◆ **Task description**:
Reproduce the listing exactly and skip over any pictures.

◆ **Input data**:

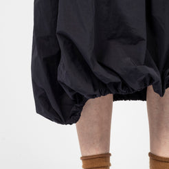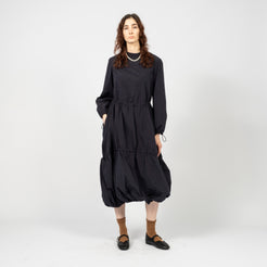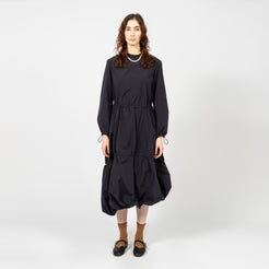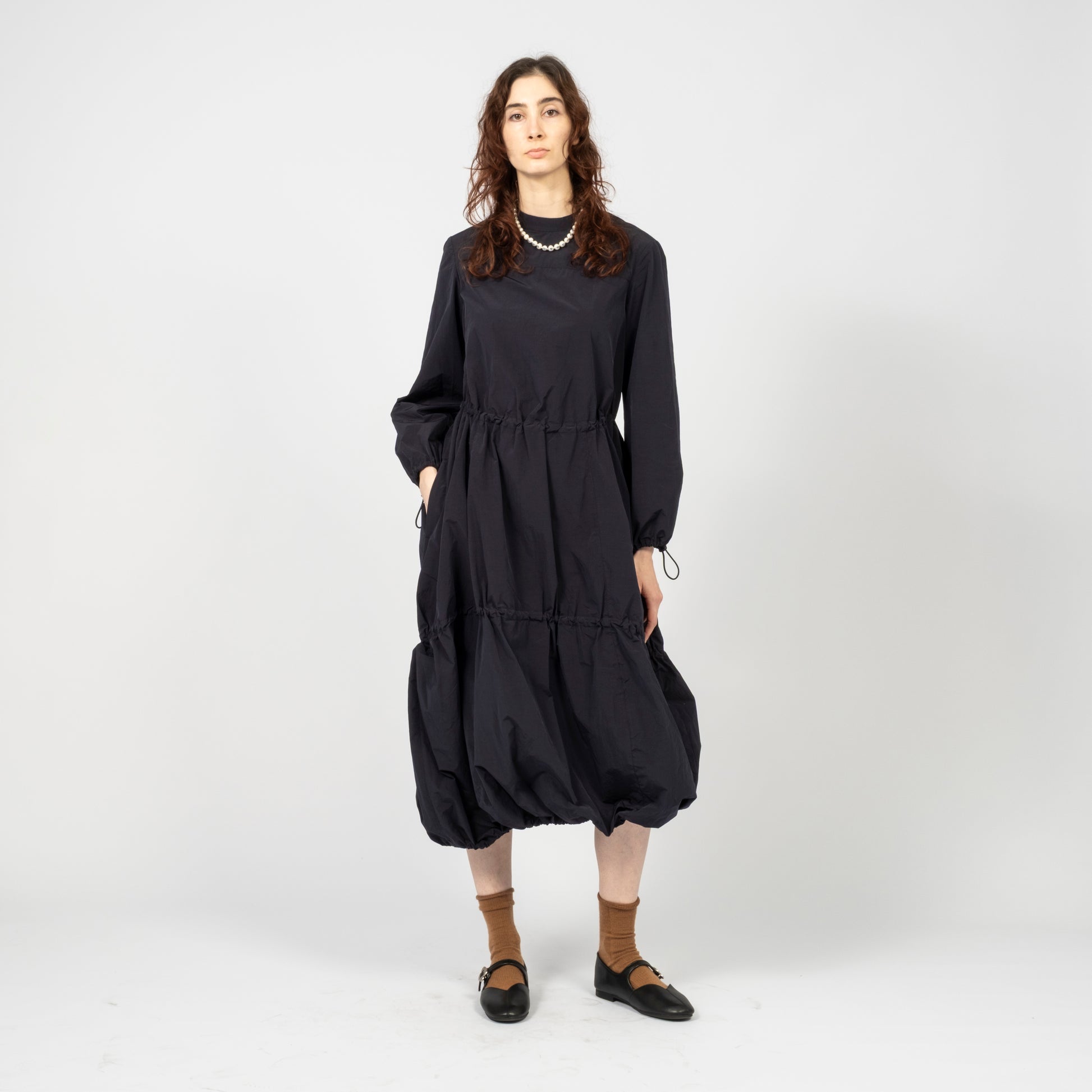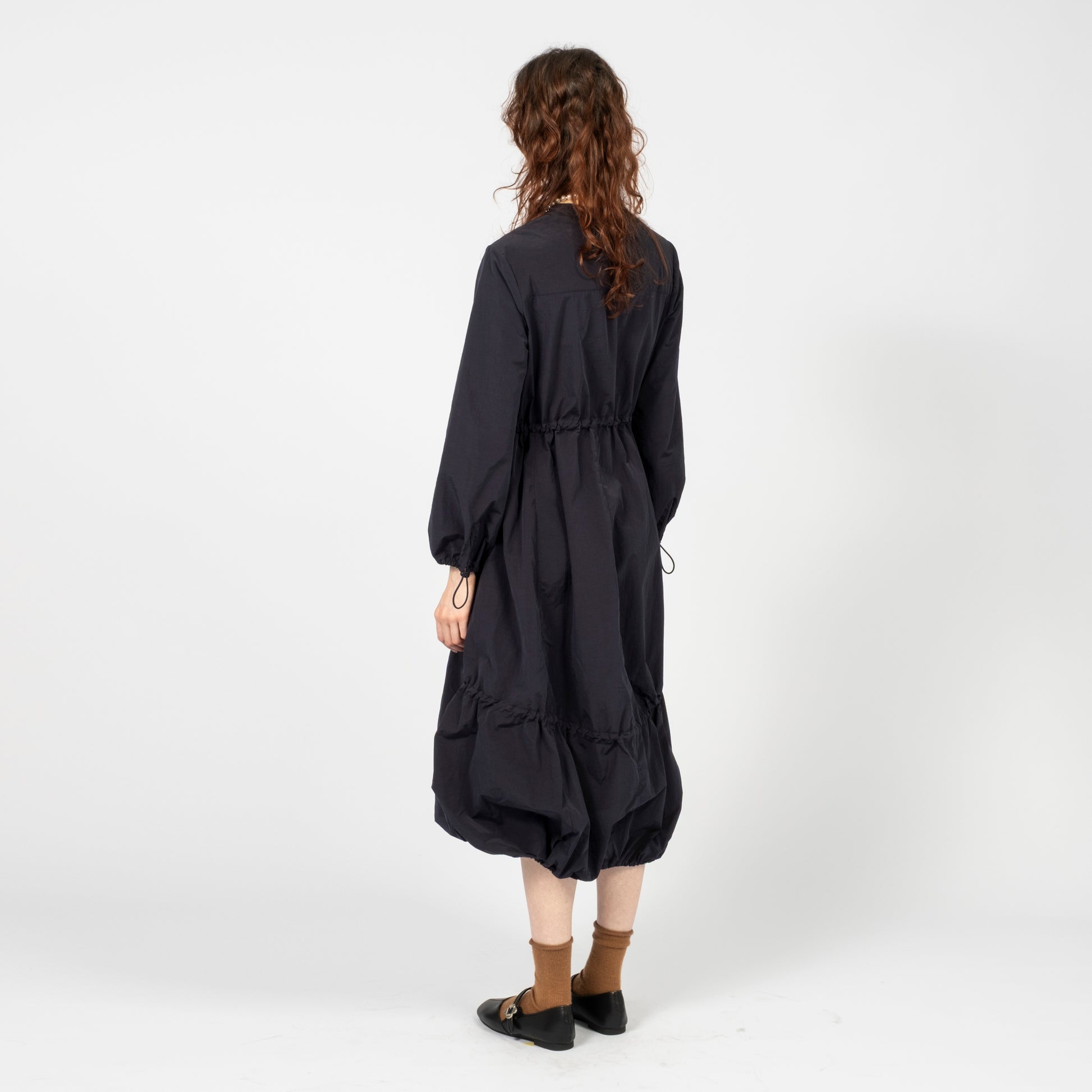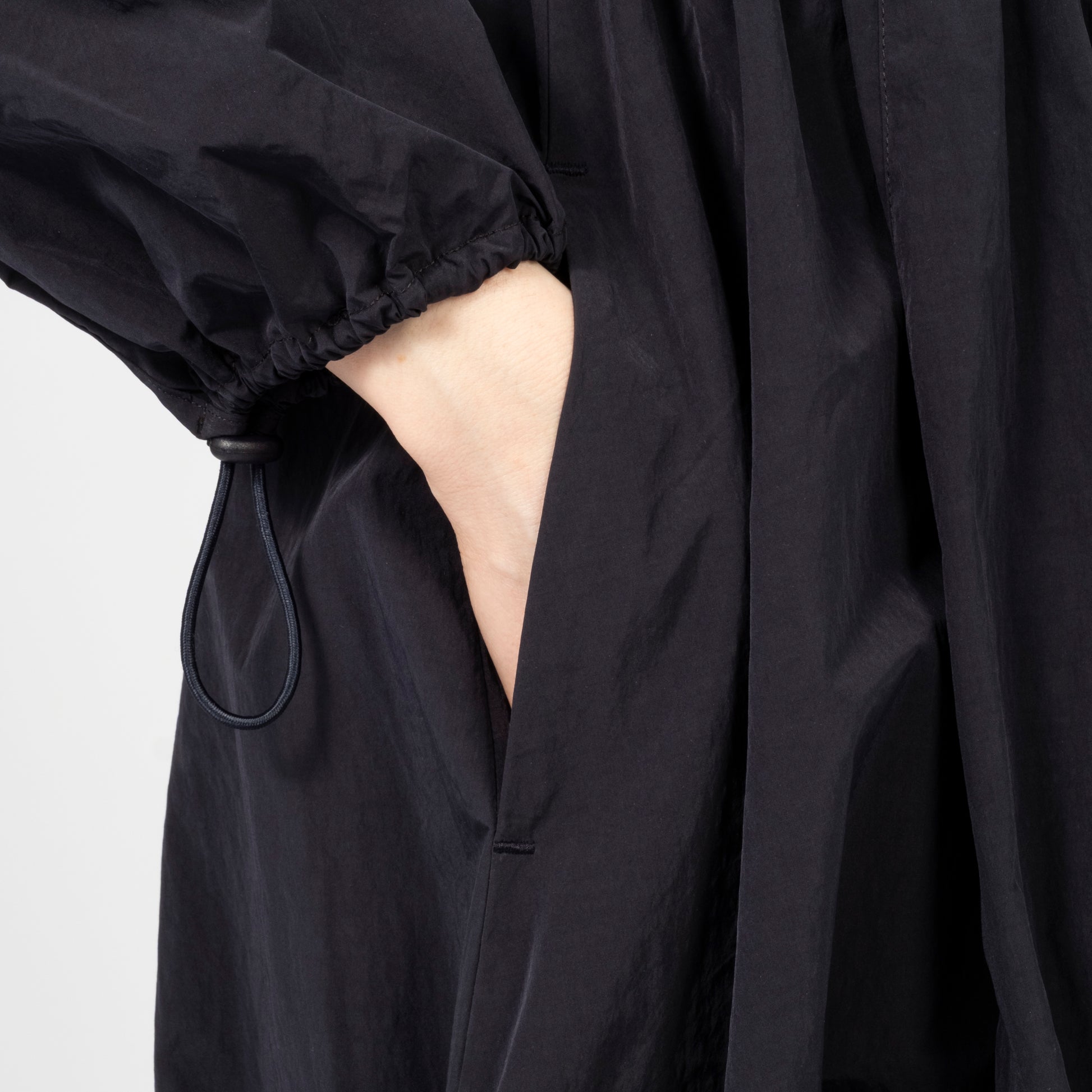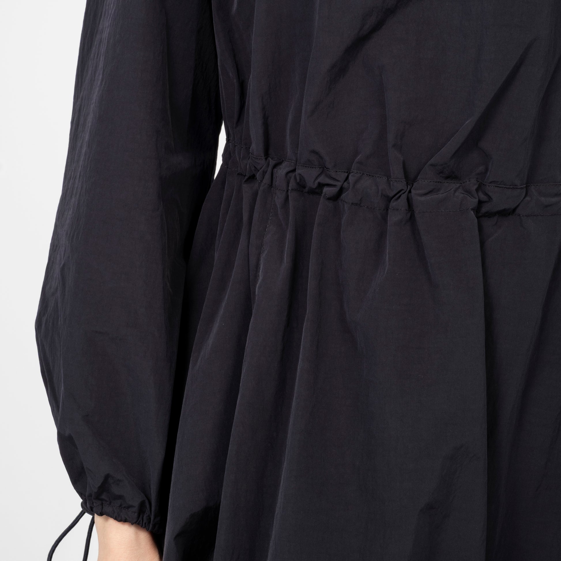 Ankle-length dress crafted from a technical cotton blend with adjustable drawcords at the waist, hip, and hem for a custom silhouette. Designed with a stand collar, wide adjustable sleeves, and a relaxed, fluid fit.
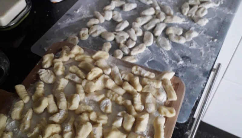 Formez ensuite des petits saucissons avec la pâte (4 saucissons d'un diamètre de 1cm à peu près) et couper des petits morceaux pour former les gnocchis.
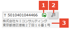 - 存在する登録番号が入力された場合、入力欄の下に国税庁が公表している名称・住所が表示されます。(③)

◆ **Task response**:
 Ankle-length dress crafted from a technical cotton blend with adjustable drawcords at the waist, hip, and hem for a custom silhouette. Designed with a stand collar, wide adjustable sleeves, and a relaxed, fluid fit.
 Formez ensuite des petits saucissons avec la pâte (4 saucissons d'un diamètre de 1cm à peu près) et couper des petits morceaux pour former les gnocchis.
 - 存在する登録番号が入力された場合、入力欄の下に国税庁が公表している名称・住所が表示されます。(③)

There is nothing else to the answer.